Integrated Prevention of Non–Communicable Diseases
Joint statement to the 113th meeting of the Executive Board of the World Health Organization, Geneva, 19–24 January 2004.
Mr Chairman, honourable members of the Executive Board, Director–General, Regional Directors, ladies and gentlemen.
This statement is made jointly by the International Obesity Task Force (IOTF) on behalf of the International Association for the Study of Obesity (IASO), the International Diabetes Federation (IDF), the World Heart Federation (WHF), the International Union of Nutritional Sciences (IUNS) and the International Pediatric Association (IPA).
As NGOs collaborating closely with the WHO in the prevention of chronic non–communicable diseases, we have an important stake in this discussion. We wish to express our clear commitment to the proposals before you and take this opportunity to pay tribute to all those WHO staff who have worked with dedication on this difficult task.
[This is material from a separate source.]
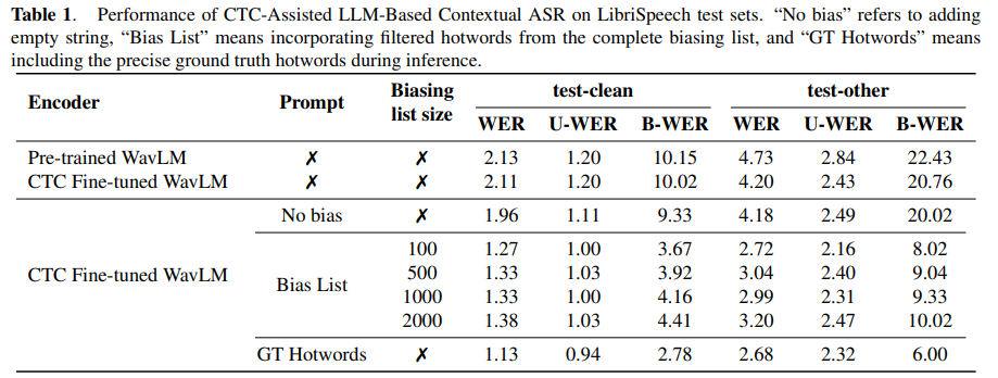 Bias list를 생성하여 Prompt에 입력한 것이 성능이 더 좋은 것을 확인할 수 있습니다. 다만 Biasing list size를 너무 키우게 될 경우 오히려 성능이 감소하는 모습을 보이네요.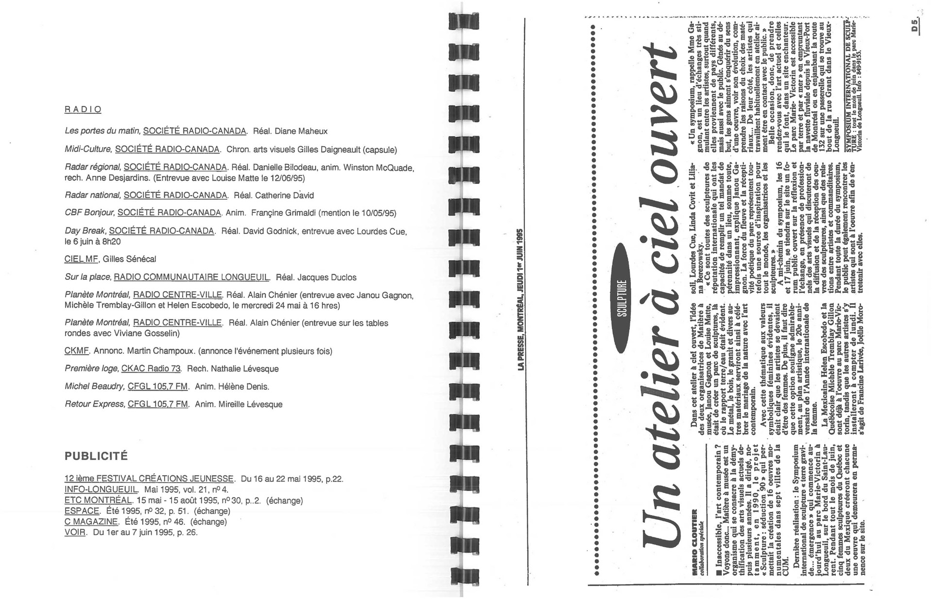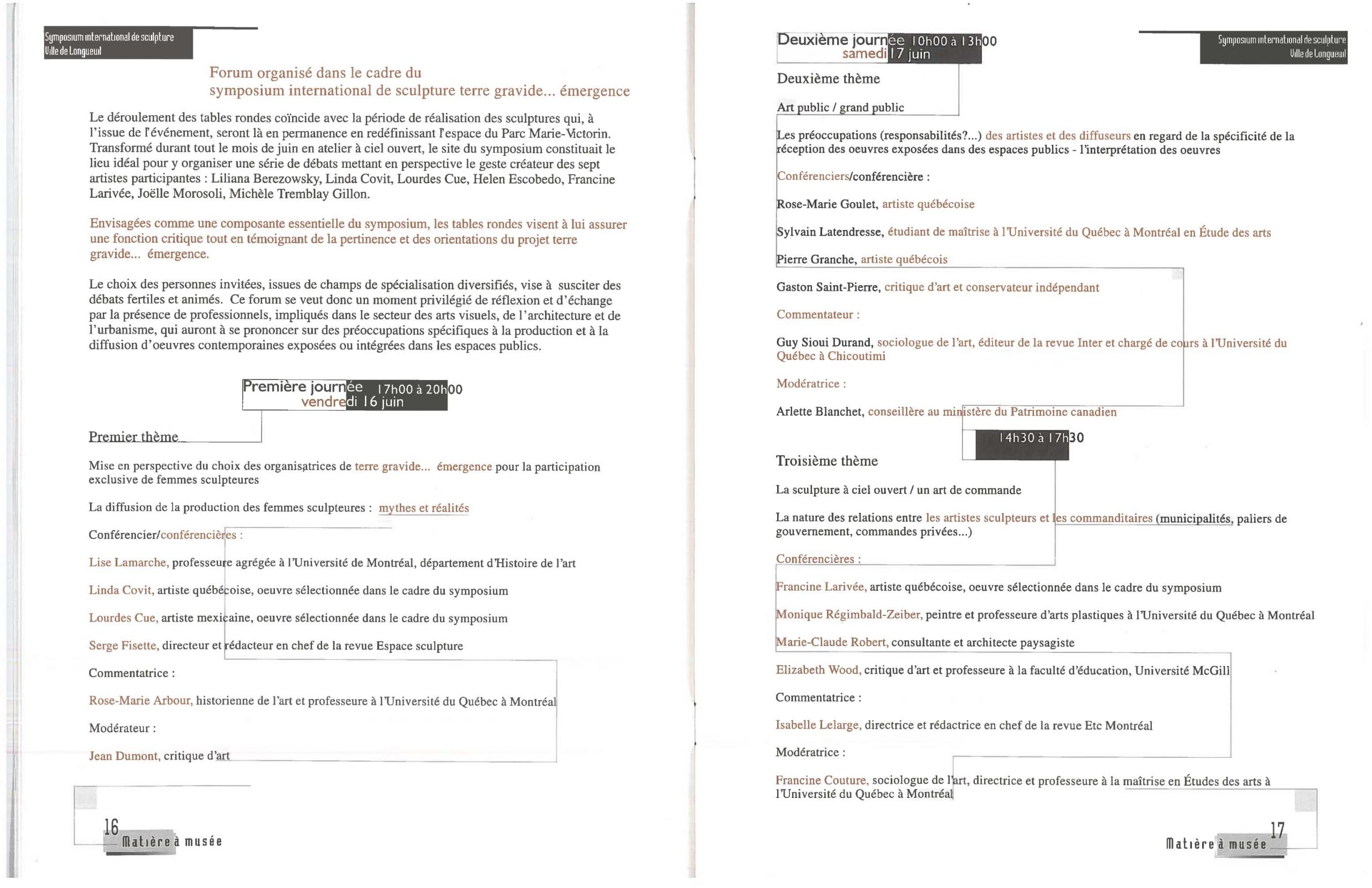 Symposium international de sculpture Terre gravide…émergence Visionner Symposium Terre gravide Catalogue Revue de Presse

The need for this strategy was never more urgent. A major global epidemic of cardiovascular disease, type 2 diabetes, overweight and obesity, affects both the developing and developed world. It is driven by inappropriate diet and inactivity. The problem begins in the earliest days of childhood reflecting the critical importance of good in utero nutrition, extended breastfeeding and sound nutritional practices in infancy onwards in the prevention of long term diet–related non–communicable diseases.
Children are increasingly vulnerable to the inadequacies of diet and activity now resulting in high levels of obesity, the unprecedented development of type 2 diabetes and exposure to cardiovascular risks from an early age. In this respect I would mention that the IOTF, as part of its WHO collaboration programme, will today submit for consideration by the Director General and his advisers a comprehensive assessment of the best available evidence of the global challenge of childhood obesity.
Already the need for the global strategy has been reinforced by not one, but a succession of major reports that provide irrefutable evidence for action.
The WHO 797 report, Diet, Nutrition and the Prevention of Chronic Diseases, informed the International Conference on Nutrition in 1992 and its World Declaration and Plan of Action for Nutrition, which, incidentally, was endorsed by a resolution of World Health Assembly in 1993.